Predictive models, specifically gradient-boosted trees, random forests, and neural networks, do not produce coefficients in the same way. A gradient-boosted tree may use 200 features, with interactions between features driving predictions in ways that no single coefficient can summarize. Feature importance scores indicate which variables contribute most to predictions in aggregate, but they do not reveal how a specific variable affects the rate for a specific policyholder. Two policyholders with the same credit score may receive different rate impacts because the model's treatment of credit score depends on its interaction with dozens of other variables.

The NAIC recognized this gap. Its Predictive Analytics Working Group has been developing guidance on how state regulators should evaluate predictive models within existing rate-filing frameworks. The draft white paper, circulated among state insurance departments, addresses the fundamental question: how do regulators apply "not unfairly discriminatory" to a model whose internal logic resists the variable-by-variable inspection that GLMs allow?

The Explainability Problem Is Not Abstract

The regulatory challenge is concrete, and it has specific dimensions that carriers must address.

Variable-level effects versus system-level effects. GLMs allow regulators to isolate the effect of each variable. Predictive models produce system-level effects where variables interact. A regulator asking "what is the effect of credit score on this policyholder's rate?" expects a number. A gradient-boosted model produces a different answer depending on the values of every other input variable.

Explainability tools like SHAP values and partial dependence plots can help bridge this gap. In plain terms: a SHAP value measures how much a single variable pushed a specific prediction above or below the model's average, while a partial dependence plot shows how changing one variable affects predictions across the full dataset. These are useful approximations, but they remain approximations. A SHAP value for credit score tells the regulator how much credit score contributed to this prediction relative to the model's average prediction. It does not tell the regulator what would happen if credit score were removed from the model entirely, because removing a variable from a non-linear model changes the behavior of every other variable.

Proxy discrimination in high-dimensional models. A GLM with 15 rating variables can be tested for proxy effects by examining correlations between each variable and protected class membership. A gradient-boosted tree with 200 features creates a combinatorial explosion: the proxy effect may not reside in any single variable but in the interaction between multiple variables that individually show no correlation with protected characteristics. ZIP code alone may not correlate with race at a level that triggers regulatory concern. ZIP code interacted with vehicle age, credit score, and commute distance may produce rating patterns that closely track racial demographics. Detecting this requires testing the model's outputs across demographic groups, not just testing individual inputs.

Reproducibility under model updates. GLMs change slowly. A carrier might update territorial relativities annually and refit the full model every three to five years. Predictive models, particularly those retrained on rolling data windows, can change with every update cycle. A model approved in a rate filing may behave differently six months later after retraining on new data. The filing approved a specific model. The model in production is a different model. Regulators have not yet established whether predictive model approvals attach to the model architecture, the specific trained instance, or the outputs within a defined tolerance band.

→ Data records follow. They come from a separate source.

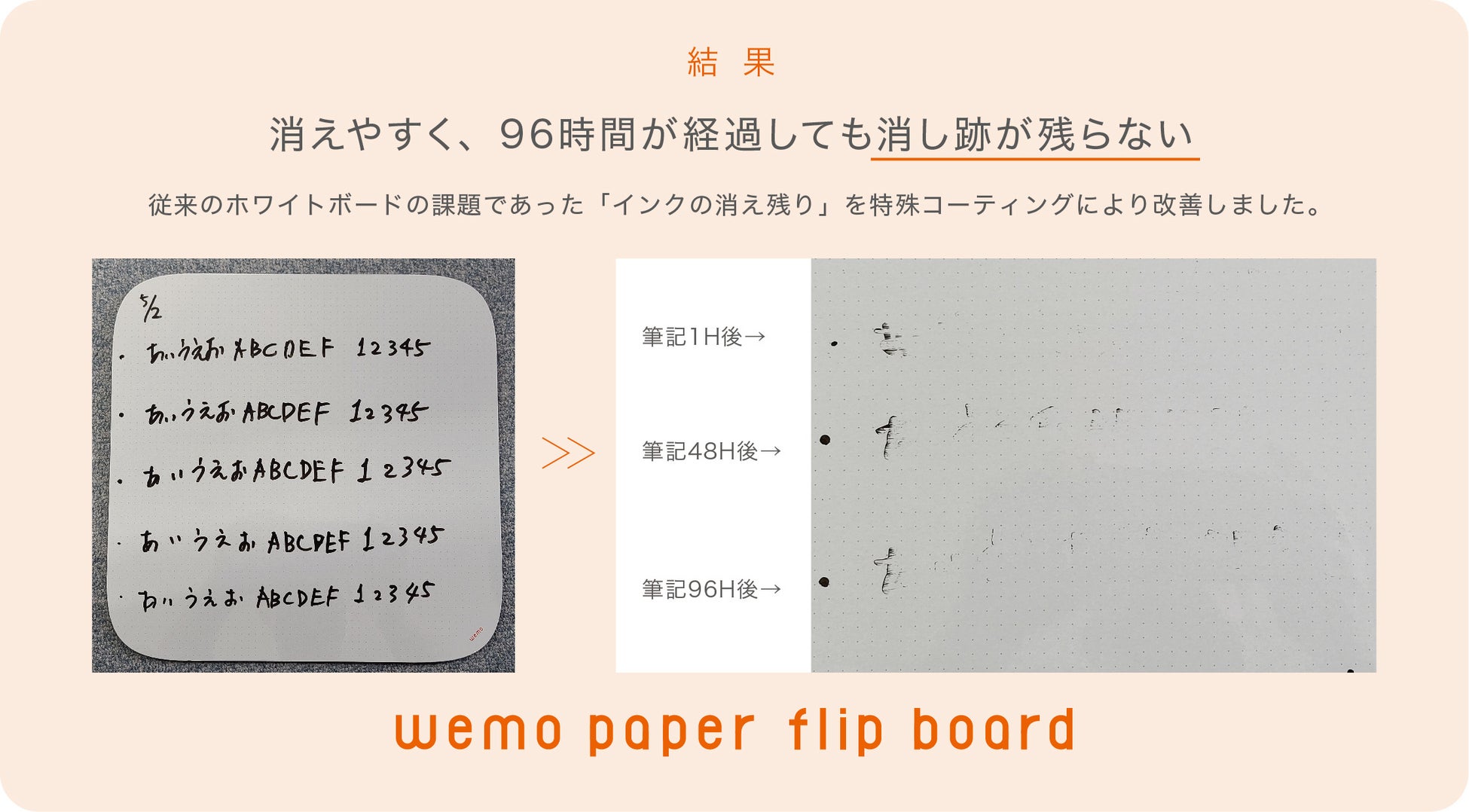 従来のホワイトボードは「インクの消え残り」が問題でした。wemoテクノロジーを活用し、消しやすく時間が経っても消し跡が残らないように改善しました。専用ペン&イレーザーが付属。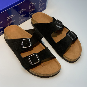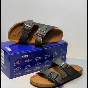 広東省製の高品質!男性と女性のダブルワンライン銅バックルストラップカップルサンダルシンプルで多用途なフラットカジュアルボーケンシューズ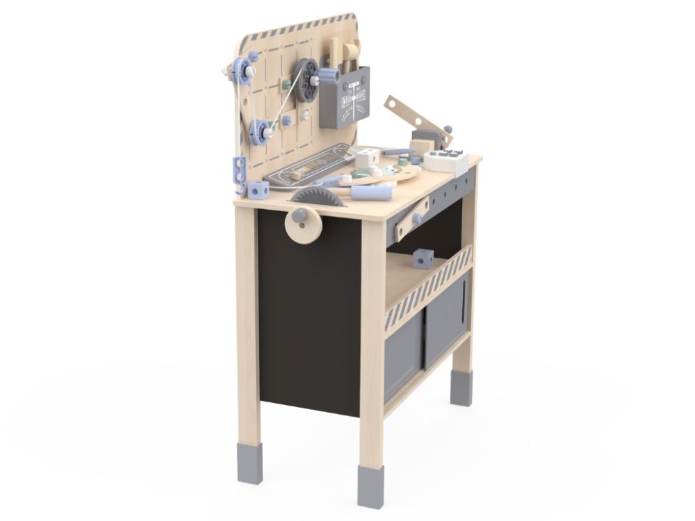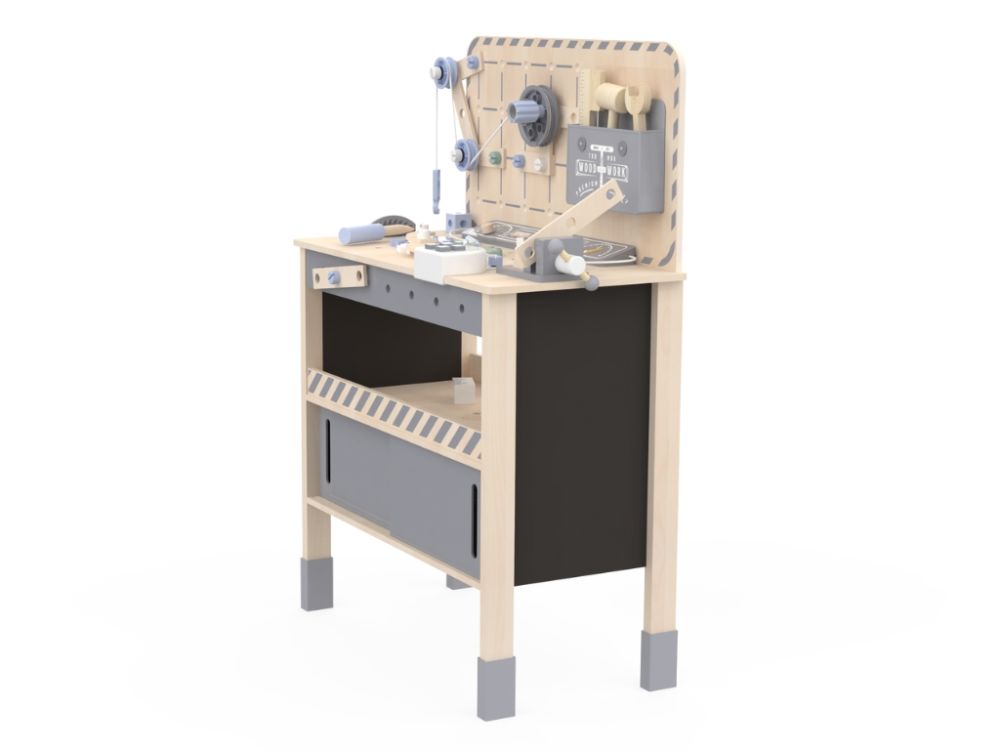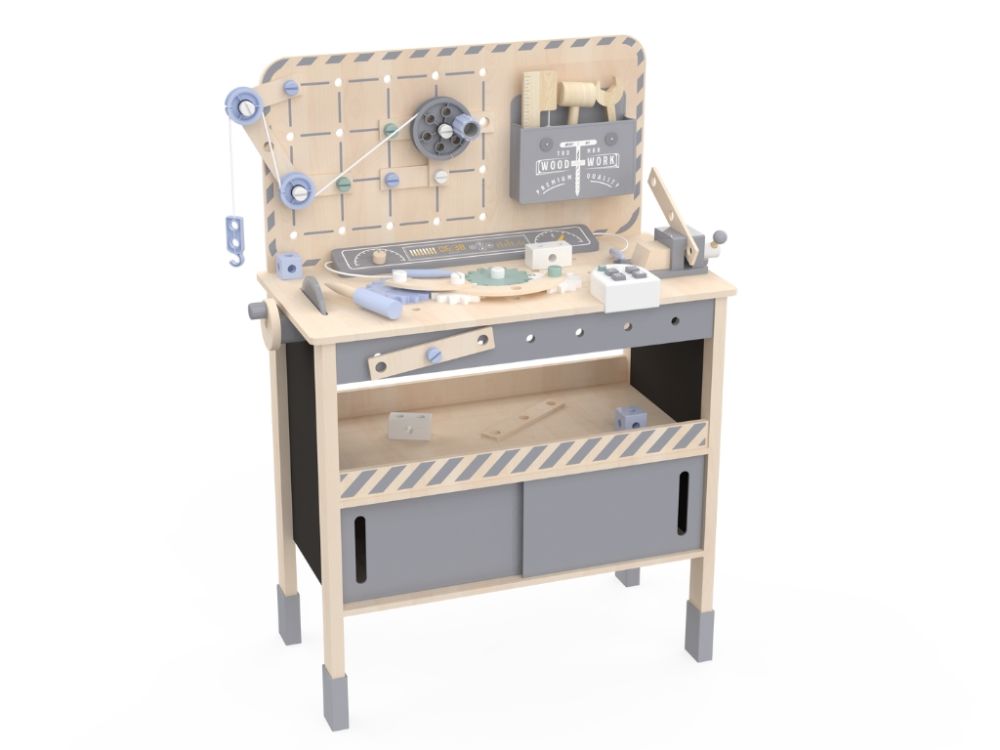 Werkbank hilft Kindern, verschiedene Fähigkeiten wie Fein- und Grobmotorik, logisches Denken und Kreativität zu entwickeln. Dies ist entscheidend für die Gesamtentwicklung des Kindes.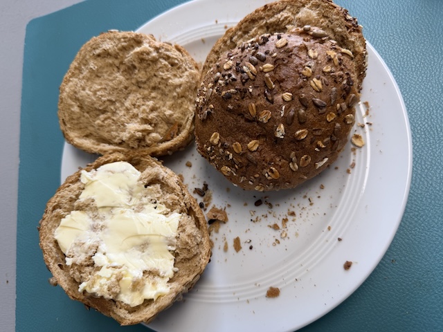 オーブンから出したばかりのパンは暖かくて、バターを塗って食べると美味しい!(写真のパンはバターが溶けていないけれど💦)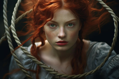 Captivating portrait of a woman with striking red hair, encircled by a twisted rope
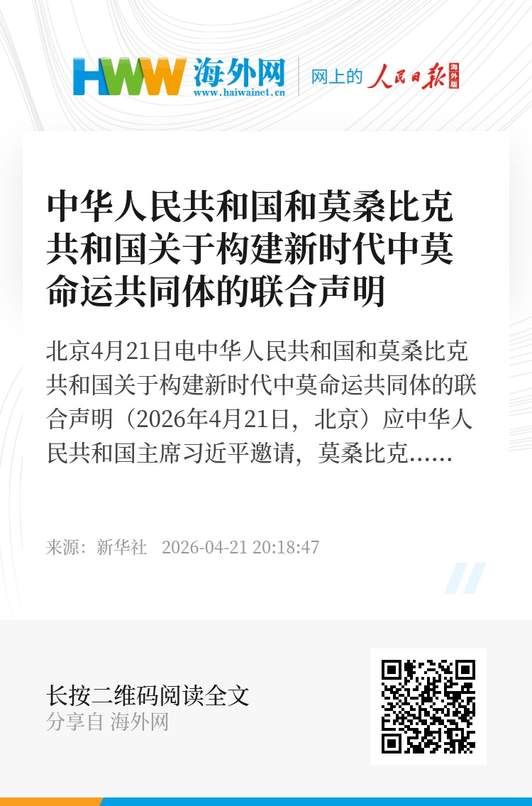 中华人民共和国和莫桑比克共和国关于构建新时代中莫命运共同体的联合声明

What NAIC Guidance Is Shaping

The NAIC's draft guidance addresses several dimensions that will change how carriers prepare rate filings involving predictive models.

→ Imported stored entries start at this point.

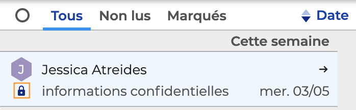 Lors de la réception d'un message chiffré, l'icône apparait dans la liste des messages :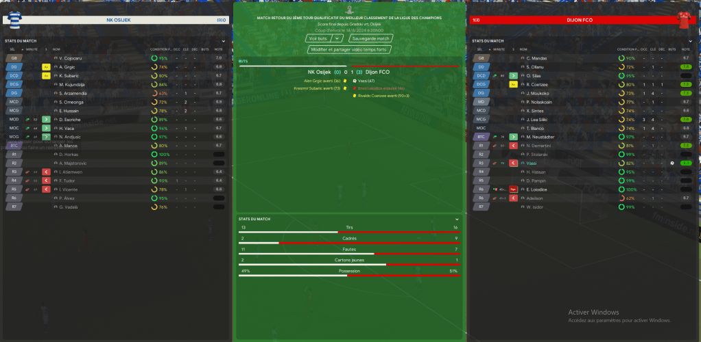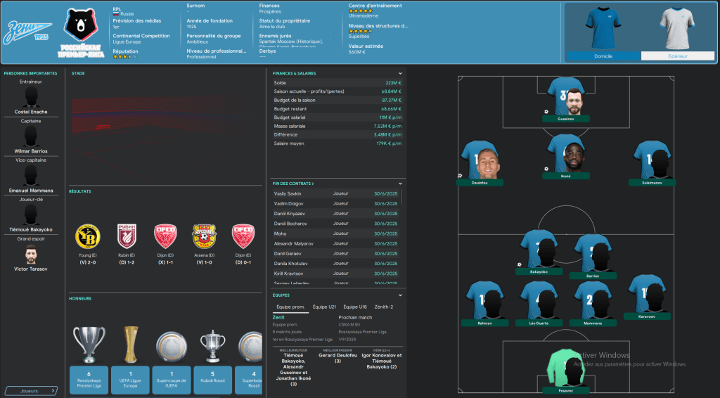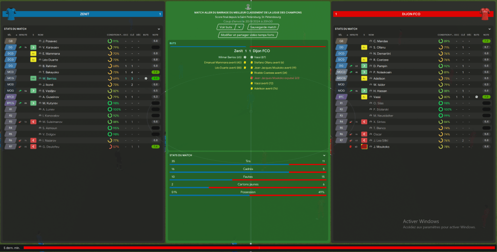 85eme minutes corner en faveur du Zenit. Mandas, impérial dans sa surface capte le ballon cours pour et relance dans les pieds de Vassi dans les 30 deniers mètres du Zenit, il réussit à éliminer son chien de garde avant de se retrouver seul face au gardien, il envoie un boulet de canon qui est arrêté par le gardien russe mais la puissance de la balle a été tel qu’il n’a pu que le repousser, le ballon reviens donc dans les pieds de mon jeune prodige et arrive ajuste sa deuxième frappe à ras du poteau le gardien est battu et c’est l’égalisation !!! J’étais fou l’entraîneur russe bien que je ne comprenne rien à cette langue n’avait pas l’air bien contant de la suffisance dont ses joueurs ont fait part. Malgré 3 autres grosses actions pour le Zenit nous sommes parvenus à maintenir le score à 1-1 ce qui est un résultat EXCEPTIONNEL à l’extérieur que personne n’attendait.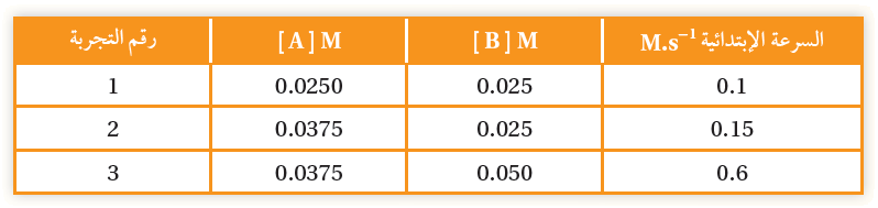 في التفاعل الافتراضي بين A و B عند درجة حرارة ثابتة؛ كانت بيانات التفاعل كما يأتي: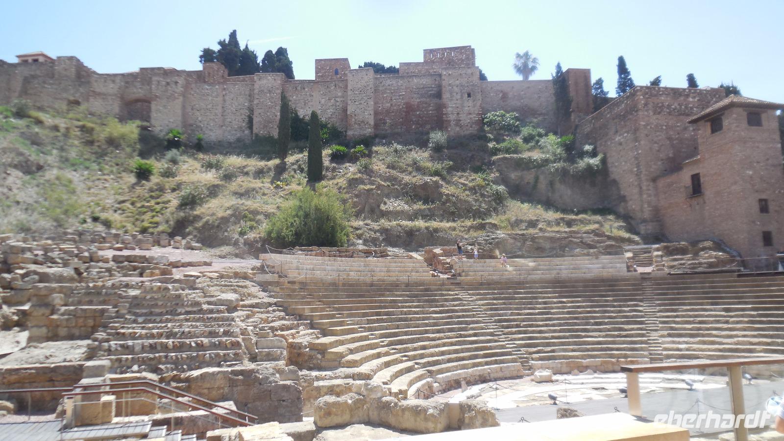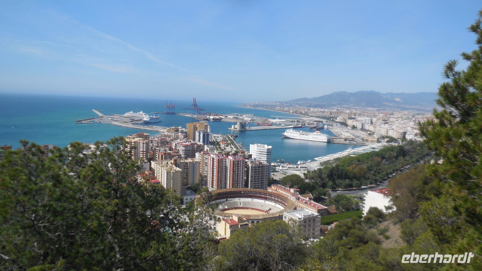 Dort machten wir den zweiten Stopp und konnten die ganze Stadt von oben sehen und wie die Burg Gibralfaro mit der maurische Festung Alcazaba verbunden ist.

Model documentation standards. The guidance contemplates requiring carriers to submit detailed model documentation with rate filings, including training data descriptions, feature engineering processes, model architecture specifications, hyperparameter choices, and validation methodology. For a GLM, this documentation is typically a few pages of coefficient tables and actuarial memoranda. For a gradient-boosted model, the equivalent documentation runs to dozens of pages and requires explaining choices that have no actuarial precedent. Why 500 trees and not 1,000? Why a maximum depth of 6? These are engineering decisions with actuarial consequences, and regulators want to understand the connection.

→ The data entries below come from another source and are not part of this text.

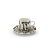 Handcrafted espresso cup & saucer in fine porcelain adorned with hand-painted Kyma pattern in brown.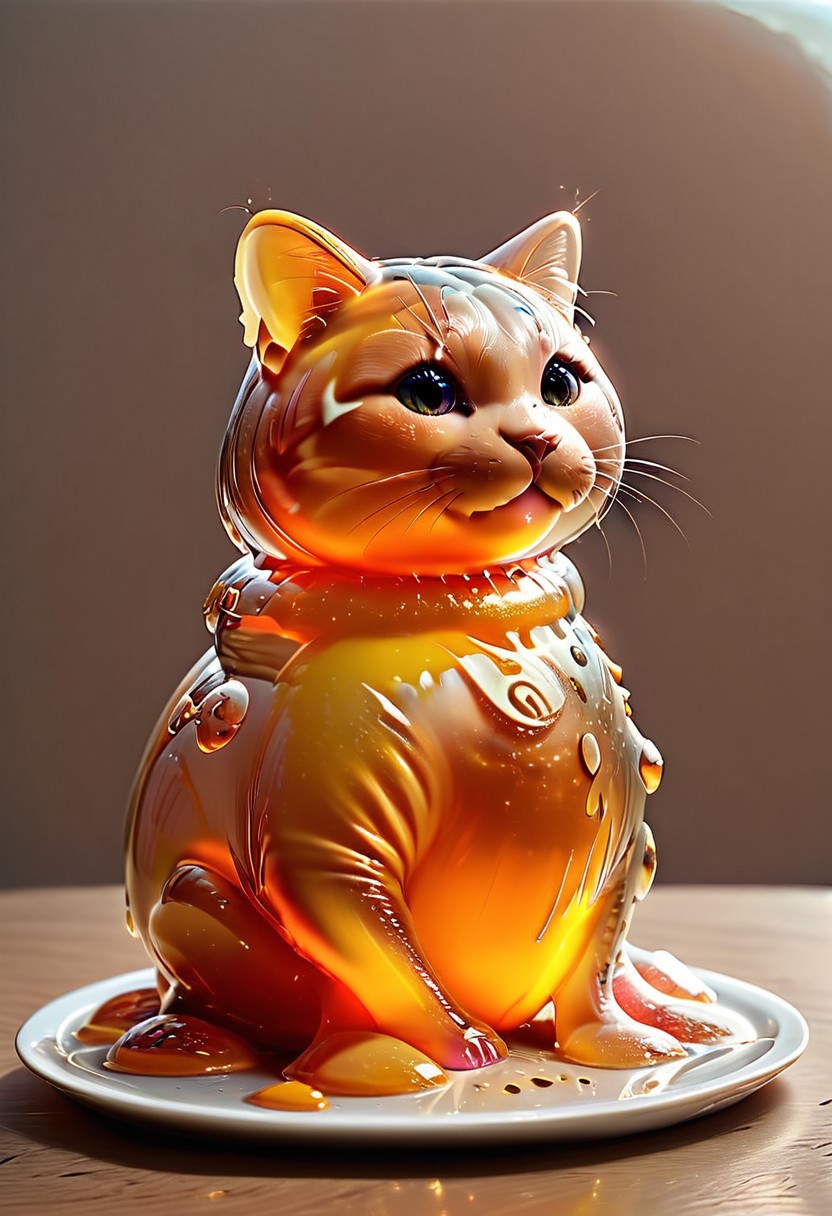 Score_9, score_8_up, score_7_up, rating_safe, concept art, digital art, realistic, a beautiful slime cat on a golden plate, smilong, cute, funny, detailed, sunset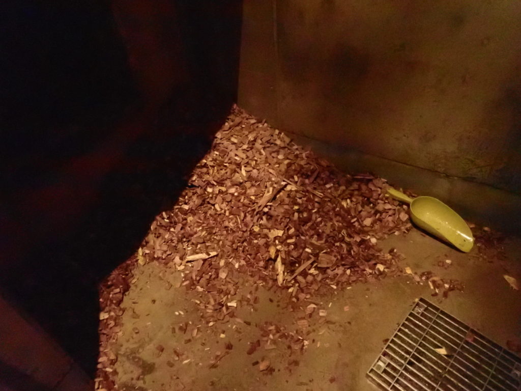 モモがかきだした産室のウッドチップも

Disparate impact testing protocols. Multiple states already require or encourage testing predictive models for disparate impact on protected classes. The NAIC guidance is moving toward standardizing the methodology. The emerging consensus favors testing model outputs, the actual rates produced, against protected class distributions rather than testing individual input variables for correlation. This output-based approach addresses the proxy interaction problem: if the model's rates produce significantly different loss ratio patterns across racial groups after controlling for actuarial risk, the model has a disparate impact problem regardless of which variables caused it.

Ongoing monitoring requirements. The most significant departure from current practice: the guidance contemplates requiring carriers to monitor predictive model performance and fairness metrics on an ongoing basis, not just at the point of filing. A model approved in January must continue to meet fairness standards in June. This creates a persistent compliance obligation that did not exist under GLM-based rate-making. The model does not stand still, and the regulatory requirement does not end at approval.

Materiality thresholds. The guidance is exploring standards for when model changes are material enough to require a new filing. If a model is retrained and the maximum rate change for any individual policyholder exceeds a defined threshold, does the carrier need to refile? If aggregate rate adequacy remains within tolerance but individual rate assignments shift significantly, is that a material change? These questions have no established answers, and the guidance will create the first frameworks for addressing them.

What Carriers Must Build

Carriers that wait for final NAIC guidance before building compliance tooling will find themselves retrofitting systems under regulatory pressure. The direction is clear enough to act on now.

Explainability as a production system. SHAP values, partial dependence plots, and local interpretable model-agnostic explanations cannot be generated ad hoc for regulatory examinations. They must be computed and stored for every rating decision the model produces. When a regulator asks why a specific policyholder received a specific rate, the carrier must produce the explanation from production records, not regenerate it from a model that may have been retrained since the decision was made. This requires building explainability into the model serving pipeline, not bolting it on after the fact.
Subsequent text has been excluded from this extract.